Помолчав, Имант спросил:
— Ты знаешь, почему находишься здесь?
— Не знаю, — ответил школяр. Судорога перехватила ему горло.
— In facto, — сказал дознаватель, — я обвинил вас и убедил всех в том, что вы виновны; сегодня ни у кого не осталось сомнений. Приговор вынесен, осталось лишь признание. Но за этим дело не станет — под пыткой все признаются.

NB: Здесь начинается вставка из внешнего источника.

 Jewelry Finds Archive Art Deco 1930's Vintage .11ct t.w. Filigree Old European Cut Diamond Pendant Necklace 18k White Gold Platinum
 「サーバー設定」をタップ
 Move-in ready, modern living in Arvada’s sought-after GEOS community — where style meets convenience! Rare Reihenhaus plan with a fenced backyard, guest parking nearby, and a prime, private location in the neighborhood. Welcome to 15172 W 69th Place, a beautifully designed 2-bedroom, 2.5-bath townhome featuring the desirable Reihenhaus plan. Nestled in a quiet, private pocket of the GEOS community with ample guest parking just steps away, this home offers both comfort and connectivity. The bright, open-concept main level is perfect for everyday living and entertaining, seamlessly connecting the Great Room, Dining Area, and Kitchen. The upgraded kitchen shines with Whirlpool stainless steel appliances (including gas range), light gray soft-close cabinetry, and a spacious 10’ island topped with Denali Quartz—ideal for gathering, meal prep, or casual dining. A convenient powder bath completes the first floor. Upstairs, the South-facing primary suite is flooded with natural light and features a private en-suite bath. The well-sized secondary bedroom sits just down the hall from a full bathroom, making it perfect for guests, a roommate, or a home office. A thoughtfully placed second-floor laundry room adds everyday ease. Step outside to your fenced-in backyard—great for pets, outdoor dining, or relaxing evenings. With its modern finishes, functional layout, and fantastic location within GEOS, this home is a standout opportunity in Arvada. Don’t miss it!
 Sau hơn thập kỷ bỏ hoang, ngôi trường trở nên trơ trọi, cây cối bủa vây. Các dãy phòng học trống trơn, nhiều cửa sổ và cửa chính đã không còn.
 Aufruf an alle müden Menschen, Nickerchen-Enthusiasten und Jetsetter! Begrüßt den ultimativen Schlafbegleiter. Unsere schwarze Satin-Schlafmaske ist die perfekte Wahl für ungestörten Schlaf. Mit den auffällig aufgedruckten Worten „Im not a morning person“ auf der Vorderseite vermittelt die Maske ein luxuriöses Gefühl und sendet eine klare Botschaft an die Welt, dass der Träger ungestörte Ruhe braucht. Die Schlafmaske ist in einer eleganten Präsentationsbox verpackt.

— Что тебе нужно? — спросил узник.
Иман склонился к его лицу:
— Мне нужна «Manu philosophum».
Андреас вздрогнул, потом обмяк и тихо рассмеялся.
— Что? Рука философа? Зачем она тебе? Это ведь не рука повешенного, она не сделает тебя невидимкой.

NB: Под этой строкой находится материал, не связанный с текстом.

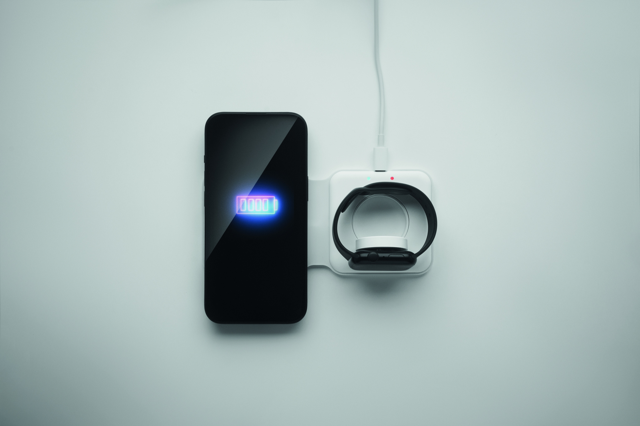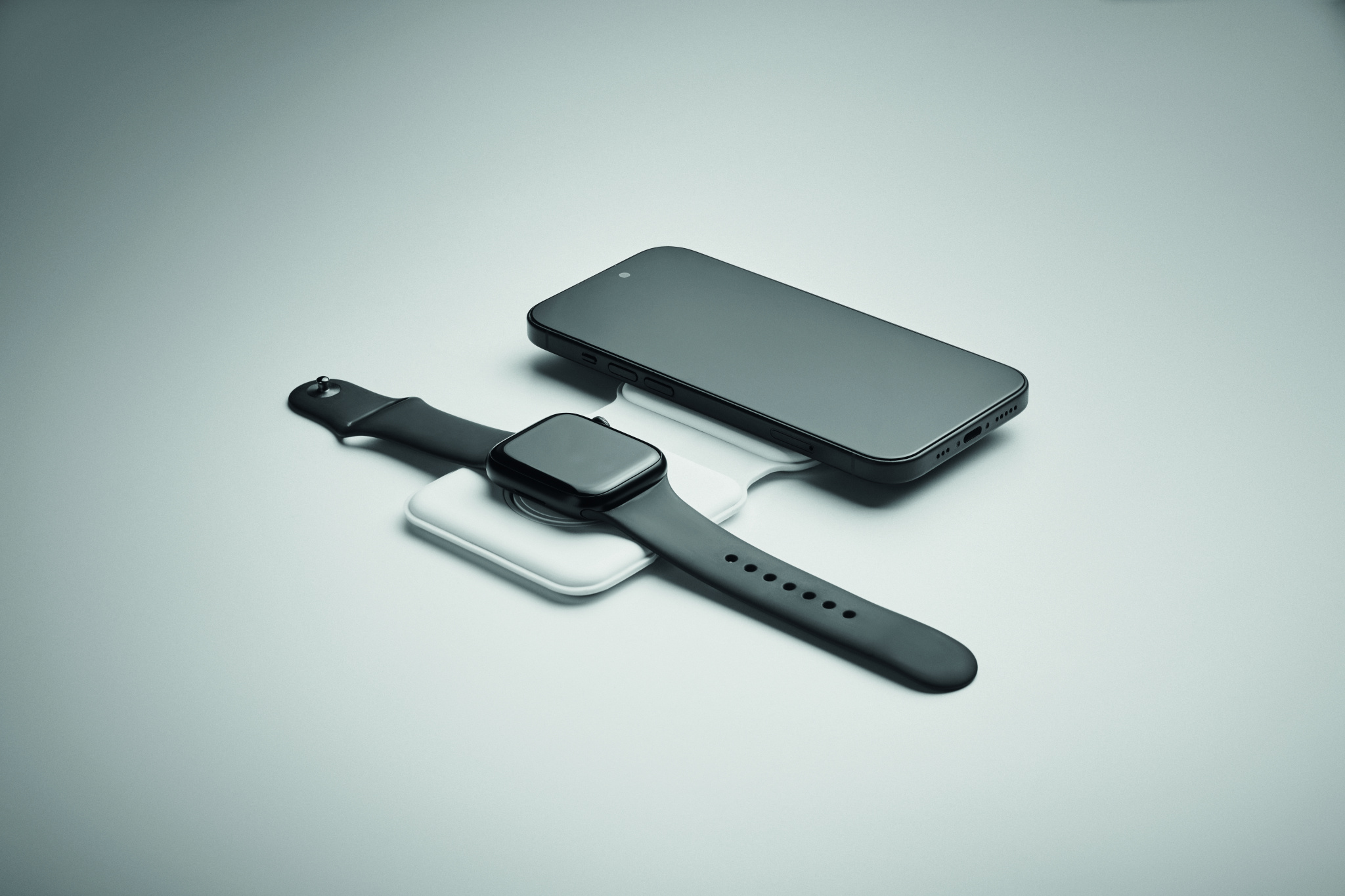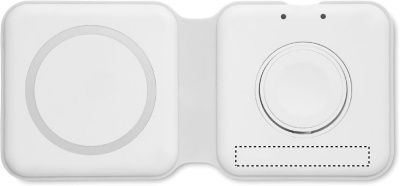 2 i 1 hopfällbar laddningsstation i ABS. Den innehåller en trådlös laddare på 15 W och en laddare för smartklockor (endast Apple®).
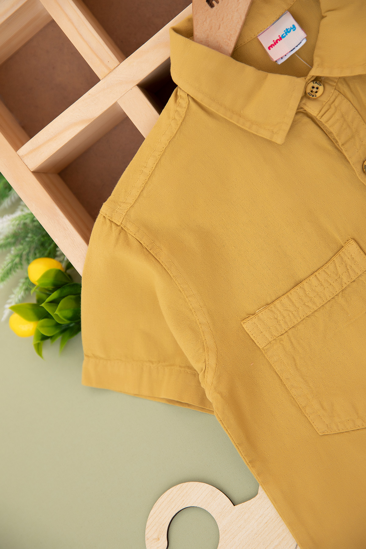 Erkek Çocuk Çift Cepli Keten Gömlek - 3571 (7-11 Yaş)

Шутка показалась ему забавной, но улыбка сменилась гримасой, когда дознаватель стиснул плечо узника, впиваясь в кожу длинными желтыми ногтями.
— Отдай мне ее, — повторил Имант.
— Ты и так забрал у меня все, что было! — выкрикнул Андреас, пытаясь высвободиться.

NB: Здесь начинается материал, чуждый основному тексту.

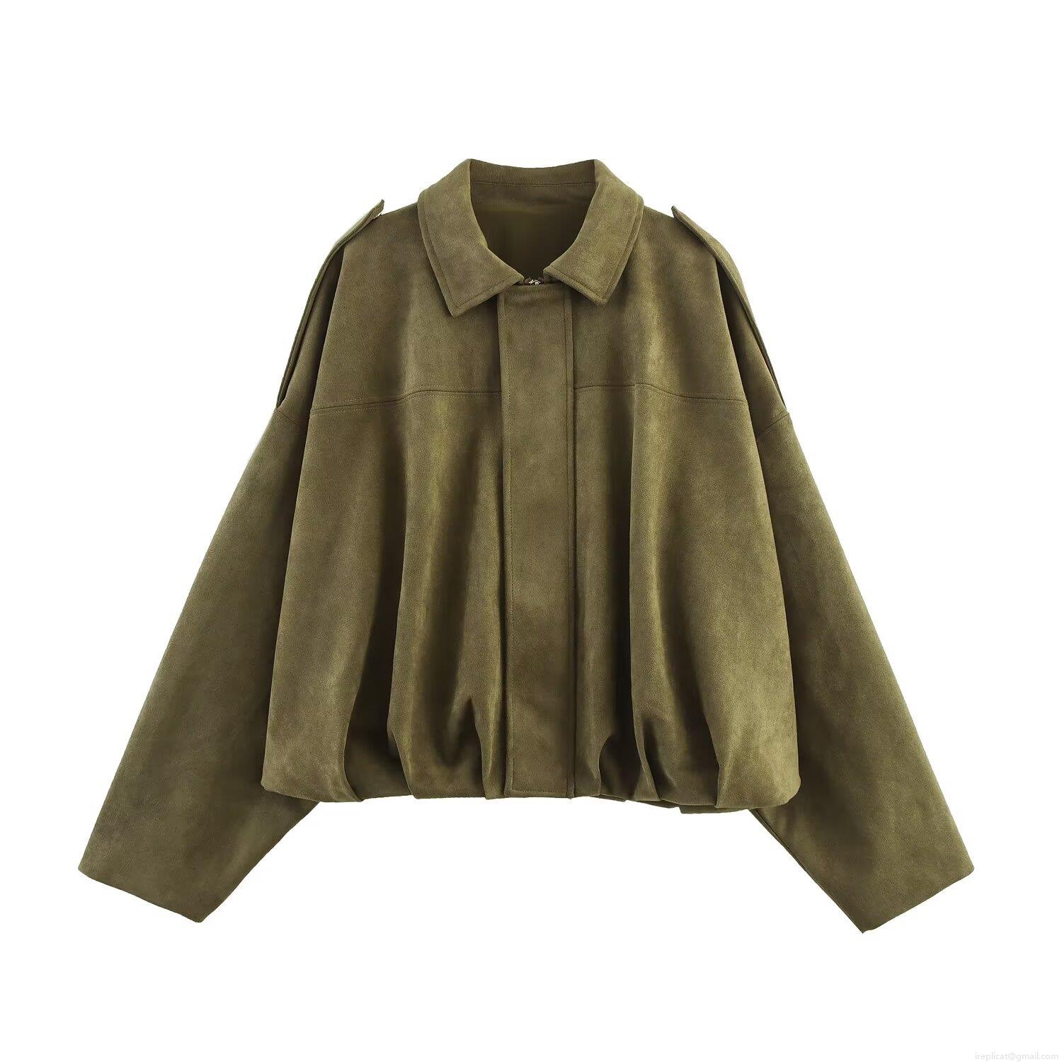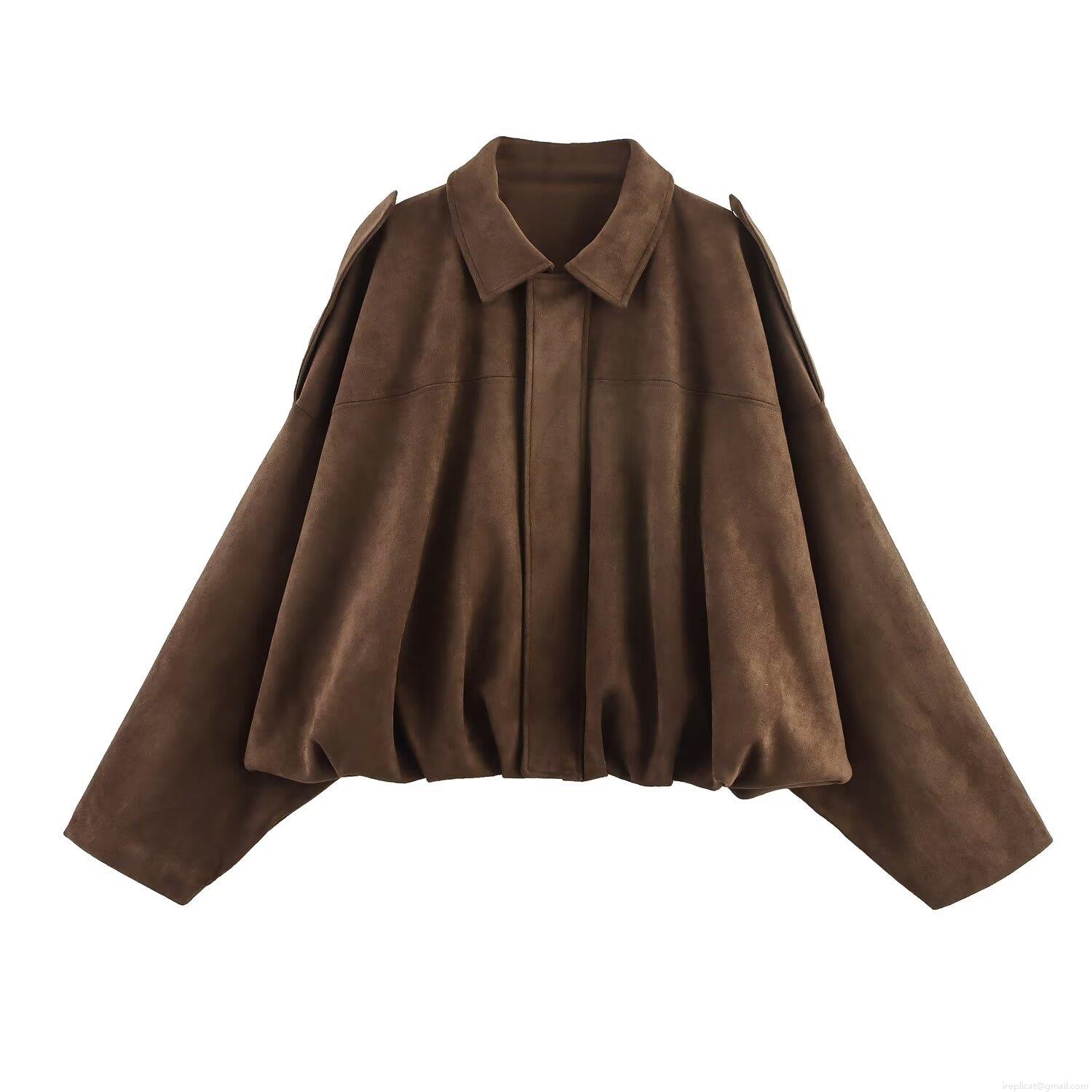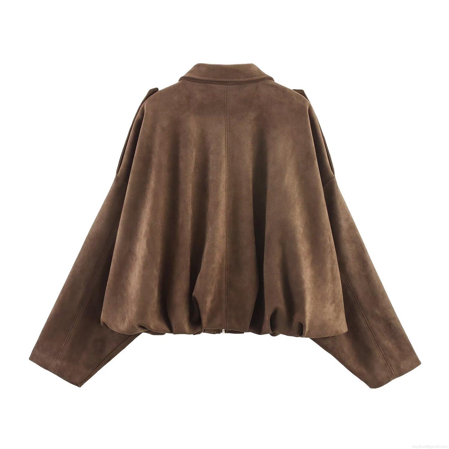 • Women's Faux Suede Bomber Jacket Loose Oversized Batwing Sleeve Short Lapel Coat Solid Color Retro Streetwear Outerwear For Women

— Не все, — ответил дознаватель, всадив ногти еще глубже.
Андреас схватил его за запястье, с силой отрывая от себя безжалостную руку.
— Что я могу здесь спрятать?
Полосы на его плече набухли кровью.
Имант выпрямился.
— Слушай, — сказал он. — Слушай меня. Я знал твоего дядю. О, я давно знал его! Когда-то мы вместе постигали основы искусства, благодаря которому несовершенное становится совершенством. Увы, Хендрик оказался профаном, пустышкой. Наши пути разошлись, но я не терял его из виду. Потом я узнал, что к нему попала книга, истинное сокровище — попала по ошибке. Она не должна была достаться жалкому суфлеру. Ею мог обладать лишь истинный адепт великой науки. Но твой дядя был упрям и не понимал очевидного. Теперь он мертв, я не нашел книги в его доме. Если ты успел завладеть ею, не будь глух к моим словам. Отдай мне «Manu philosophum», и будешь спасен.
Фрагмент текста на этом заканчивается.